Solve by using Elimination method.
5r-6s=29
6r+5s=47
multiply the first equation by 5, the second equation by 6, then ADD the equations. You will eliminate the coefficents of s.
To solve the given system of equations using the Elimination method, follow these steps:
1. Multiply one or both equations by a constant, if necessary, to make the coefficients of one of the variables in both equations equal or opposite. In this case, by multiplying the first equation by 6 and the second equation by 5, the coefficients of 's' in both equations will become equal and opposite.
Multiplying the first equation by 6:
(6)(5r - 6s) = (6)(29) becomes 30r - 36s = 174
Multiplying the second equation by 5:
(5)(6r + 5s) = (5)(47) becomes 30r + 25s = 235
2. Now, add the two equations together to eliminate one of the variables. In this case, when we add the equations, the 'r' terms will cancel out and we will be left with an equation only involving 's'.
(30r - 36s) + (30r + 25s) = 174 + 235 becomes 60r - 11s = 409
3. Solve this equation for 's' by isolating the variable. Subtract 60r from both sides:
60r - 11s = 409
-11s = 409 - 60r
-11s = -60r + 409
4. Divide both sides of the equation by -11 to solve for 's':
s = (-60r + 409) / -11
s = (-60/-11)r + (409/-11)
s = 60/11r - 37
5. Substitute the value of 's' in one of the original equations to solve for 'r'. Let's use the first equation:
5r - 6s = 29
Substitute s with 60/11r - 37:
5r - 6(60/11r - 37) = 29
5r - (360/11r - 222) = 29
5r - 360/11r + 222 = 29
6. Combine like terms and simplify the equation:
(55r^2 - 3200r + 2007) / 11r = 29
55r^2 - 3200r + 2007 = 29 * 11r
55r^2 - 3200r + 2007 = 319r
55r^2 - 3519r + 2007 = 0
7. Solve the quadratic equation by factoring, completing the square, or using the quadratic formula.
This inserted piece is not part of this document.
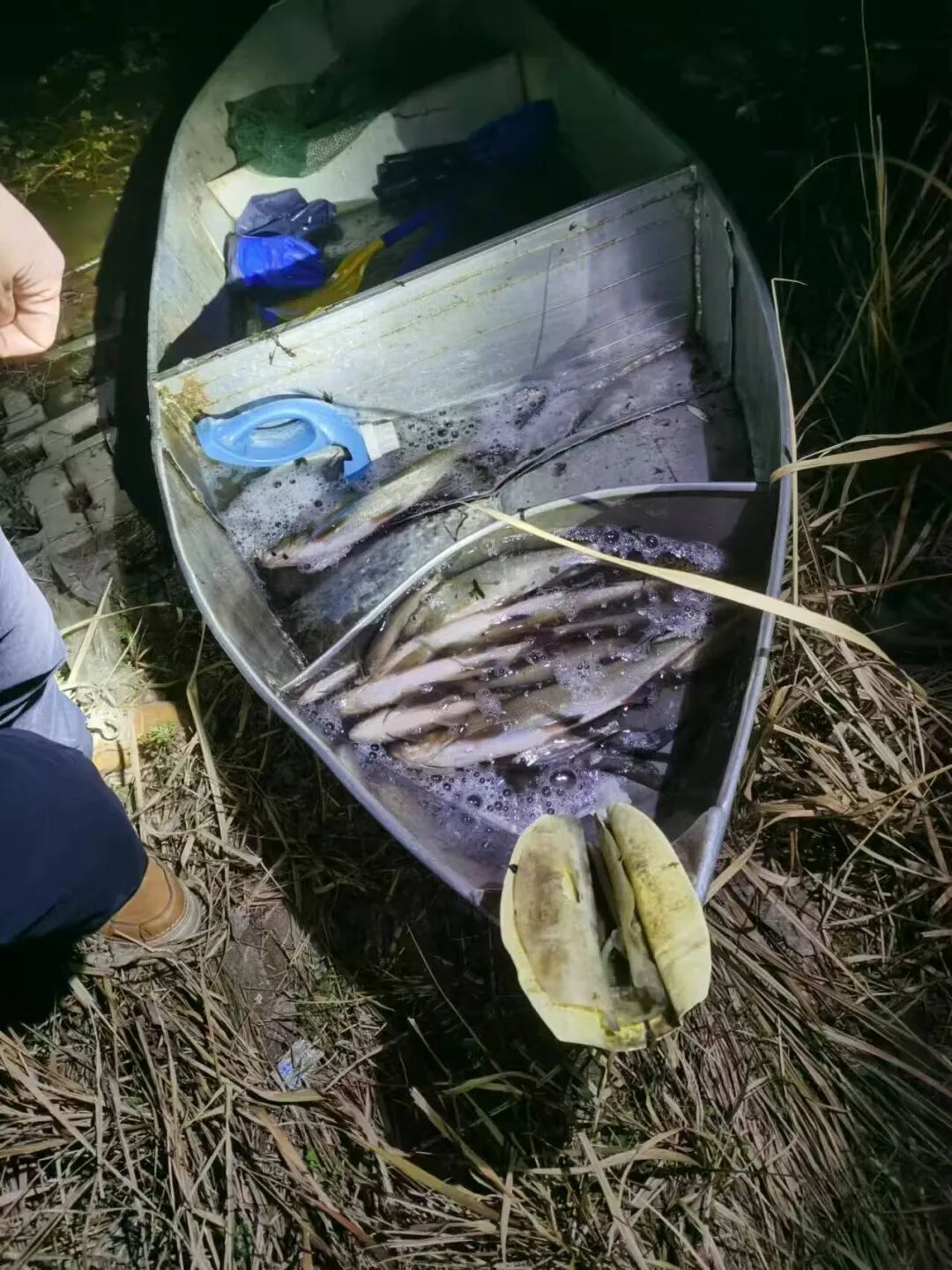 近日,有群众多次反映,白云湖河畔有人电打鱼。曾都区公安分局森林警察大队经过多次巡查和摸排线索,确定了电打鱼的重点区域。于2024年12月24日晚至25日凌晨3点,在白云湖红山头河段蹲守,抓获2名非法捕捞的违法行为人。经查,12月24日晚11时许,违法行为人王某和妻子带着渔船、网具、电瓶等工具,到白云湖红山头河段下网捕鱼,直至被查获。目前,此案正移交给渔政部门作进一步处理。

Since this equation does not easily factor, we'll use the quadratic formula:
r = (-b ± √(b^2 - 4ac)) / (2a)
a = 55, b = -3519, c = 2007
r = (-(-3519) ± √((-3519)^2 - 4(55)(2007))) / (2(55))
r = (3519 ± √(12378561 - 440220)) / 110
r = (3519 ± √11938341) / 110
8. Use a calculator to find the approximate values of 'r':
r ≈ (3519 + √11938341) / 110 or r ≈ (3519 - √11938341) / 110
After obtaining the values of 'r', substitute them back into any of the original equations to solve for 's'.